Trisk - a conversational robot

Trisk - a conversational robot

Formally defined, a NLG system should accept a <k,c,u,d> tuple, where k is the knowledge source, c is the communicative goal, u is the user model and d is the discourse model. Essentially this means that “You know K and you want to say C to U, using the style of D” … remember back to your high school days – before writing an essay the teacher would tell you exactly this.

The output … well that’s easier, it should make sense, fulfill the communicative goal and look like it was written at least by a trained monkey.

A NLG system usually involves three processes:

  1. Content determination – what you’re going to say, based on knowledge, communicative goal and user’s expectations
  2. Sentence planning – how are you going to say it. Remember, semantically sane!
  3. Surface realisation – the final output, which specific words to use, do sentences follow each other nicely and so on. You could call this style or flow.

Traditional architecture

Traditionally this has been approached by discretely implementing the three stages and assembling them into a pipeline of some sort.

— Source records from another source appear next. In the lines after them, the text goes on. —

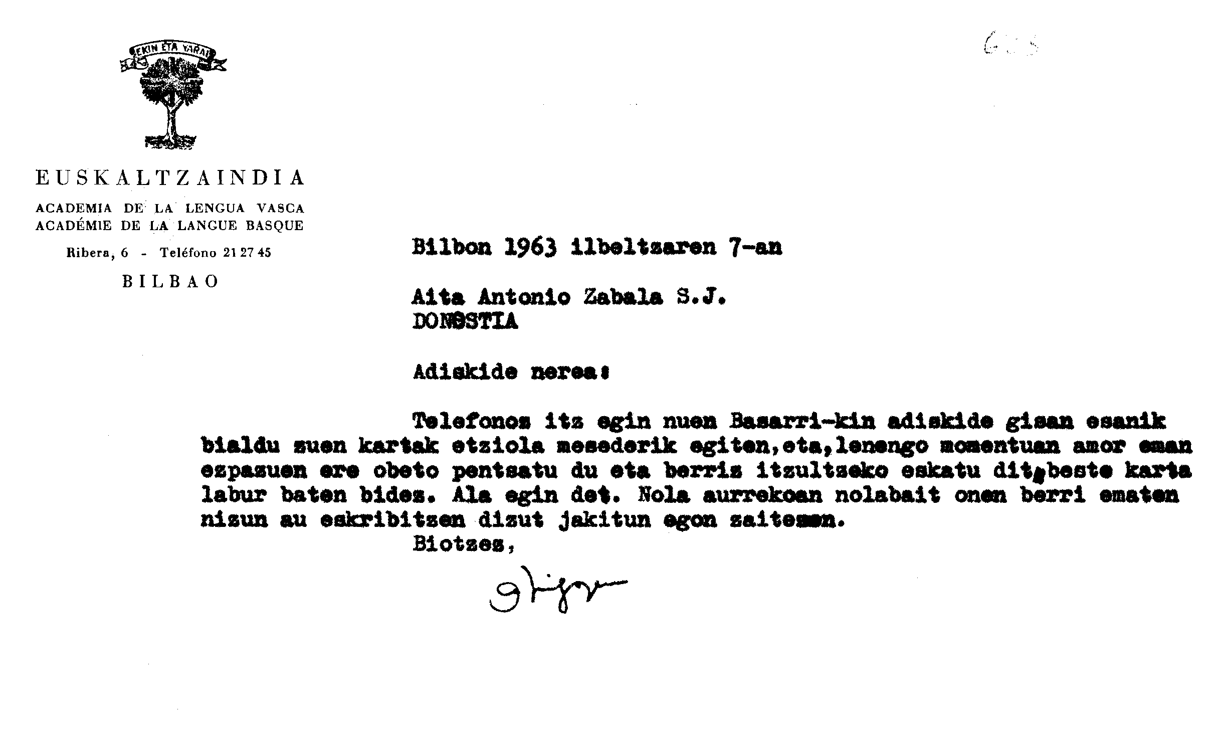 Alfonso Irigoienen Artxiboa > Euskaltzaindia > Korrespondentzia
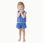 We bought this shirt with the matching skirt and love it so much. It is the cutest beach print. I love the details and the little ruffle. The snaps on the back make it easy to get on and off. Love it! I didn’t get a great picture from the front because my daughter was refusing, but here is a picture from the back. So cute!
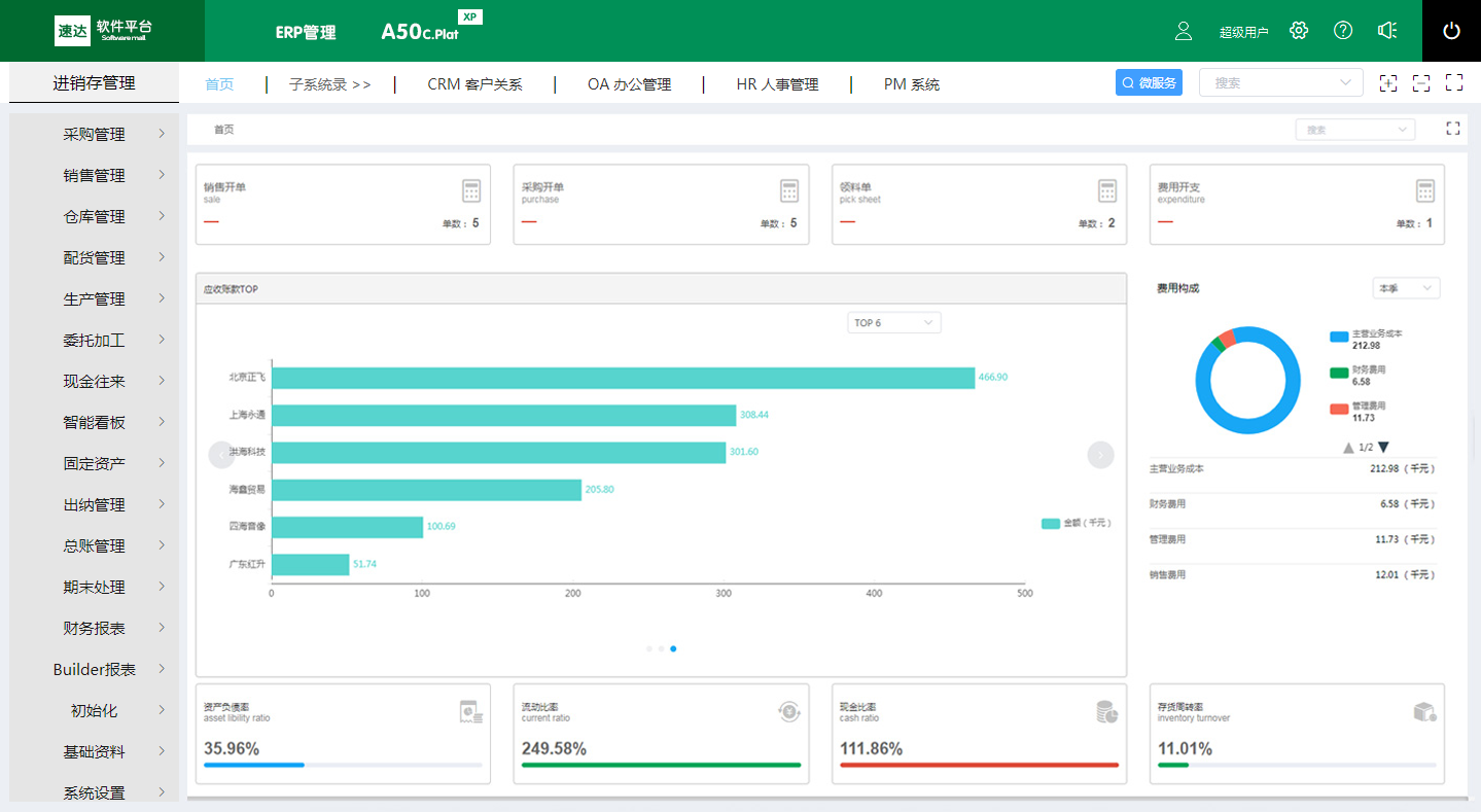 速达 A50C.Plat ERP 管理平台是一套完整的企业资源管理系统。系统高效的实现了强大的供应链管理能力及生产管理模块有机的将客户管理、财务管理相结合,并科学地融入Builder-II二次研发工具,有着极好易用性和实用性,全面提升了企业的管理能力和工作效率。
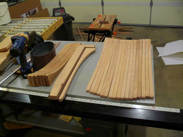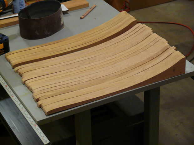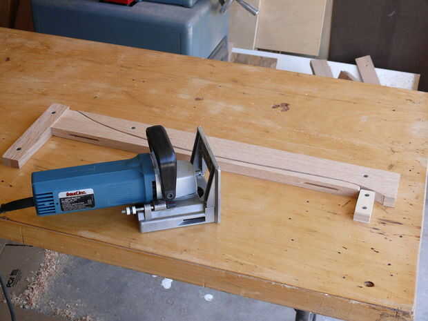 Una vez que las piezas fueron encaminadas a la forma, se lija en los bordes y luego restregar fueron encaminadas en los bordes. Por último, una guía rápida de parte de la chatarra de recorte y algunos bloques fue atornillado al Banco, y galleta ranuras fueron cortadas para una galleta #20 y #10.
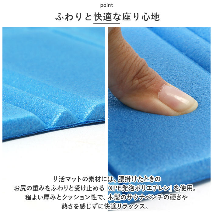 ・サ活マットの素材には、腰掛けたときのお尻の重みをふわりと受け止める「XPE発泡ポリエチレン」を使用。程よい厚みとクッション性で、木製のサウナベンチの硬さや熱さを感じずに快適リラックス。
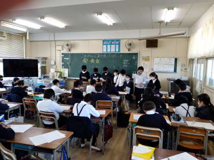 12月13日(月)2時間目が終わった休み時間に、1・3・5年生がなわとびをしました。その後、教室に戻って5年生は社会科の研究発表をしていました。高学年になると声が小さくなることが多いですが、子どもたちは聞いている人に研究の成果を伝えようと「ゆっくり、はっきり」と発表していました。
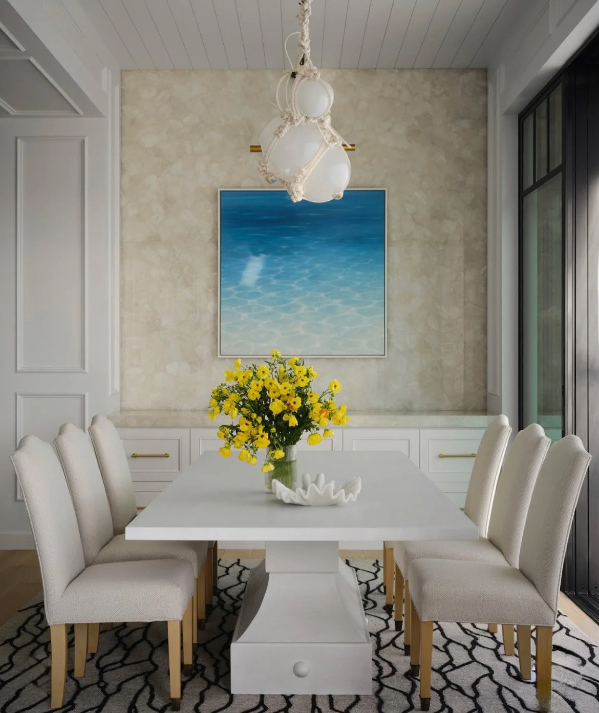 This project was especially meaningful because the painting was commissioned specifically for this home—a 10,000-square-foot space designed to celebrate bold color, artful energy, and modern California living. The Grace Blu team envisioned a statement piece that would bring a sense of calm movement amid the home’s playful, high-contrast palette, and I created a painting that captures just that balance—a moment of reflection within a world of motion.
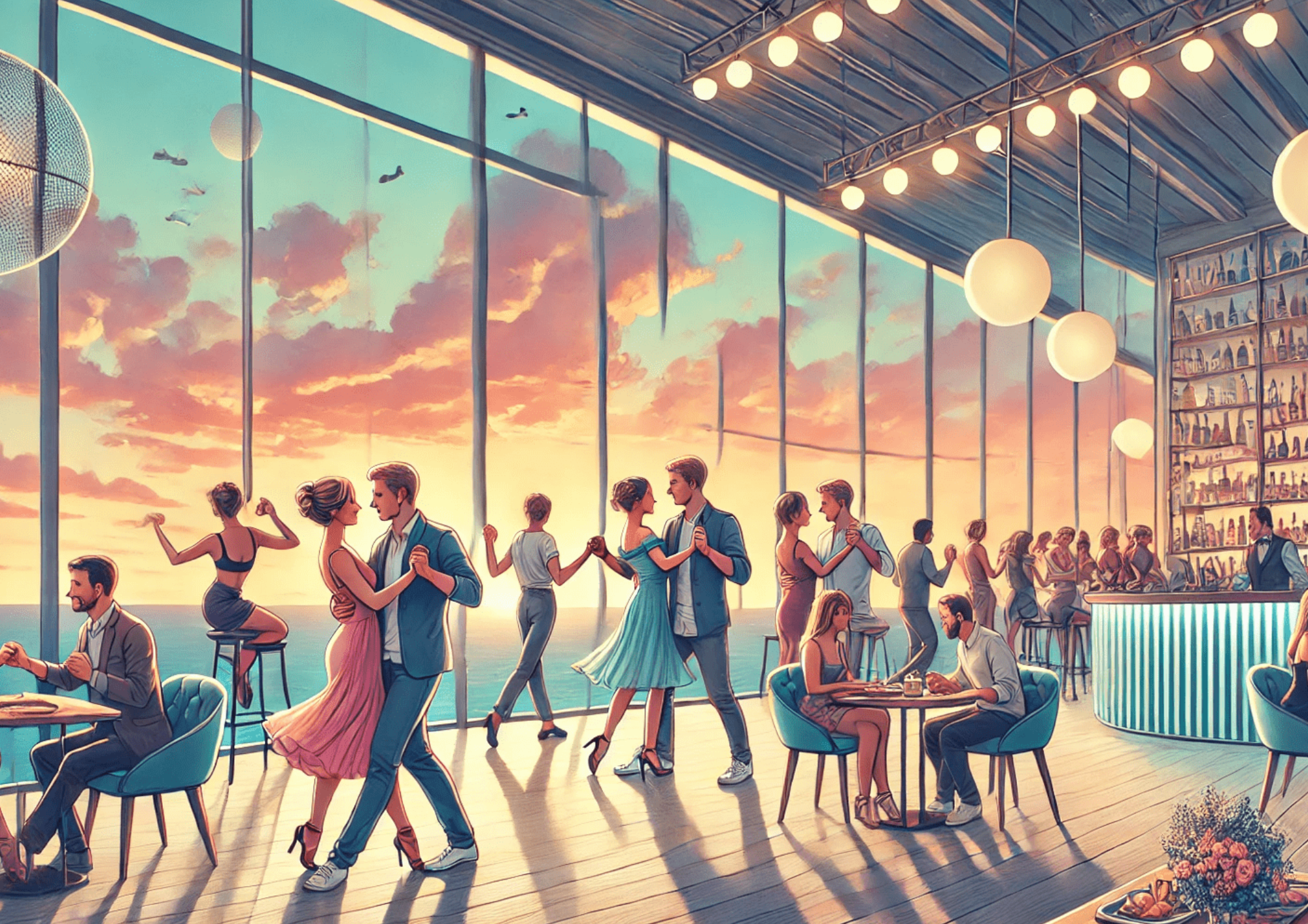 - Sunset bachata & salsa dancing with live DJ.

Three reiter pipeline architecture

More modernly Wikipedia suggests a six stage solution divided into: Content determination, Document structuring, Aggregation, Lexical choice, Referring expression generation and Realisation. However this is still essentially the same approach.

But what if you don’t have a clear communicative goal and just want to say something interesting about a subject? Or perhaps a later stage might find a better solution that has been disallowed by an earlier stage.

A number of different architectures have emerged to combat these problems:

NLG architectures

The revision approach combats problems by iteratively fixing each stage in hopes of finding something better, feedback simply feeds findings from later stages back into earlier stages, which can open up options that would otherwise be pruned away, blackboard is particularly interesting because it uses a common space where results from different stages are posted so every stage has access to what’s already out there.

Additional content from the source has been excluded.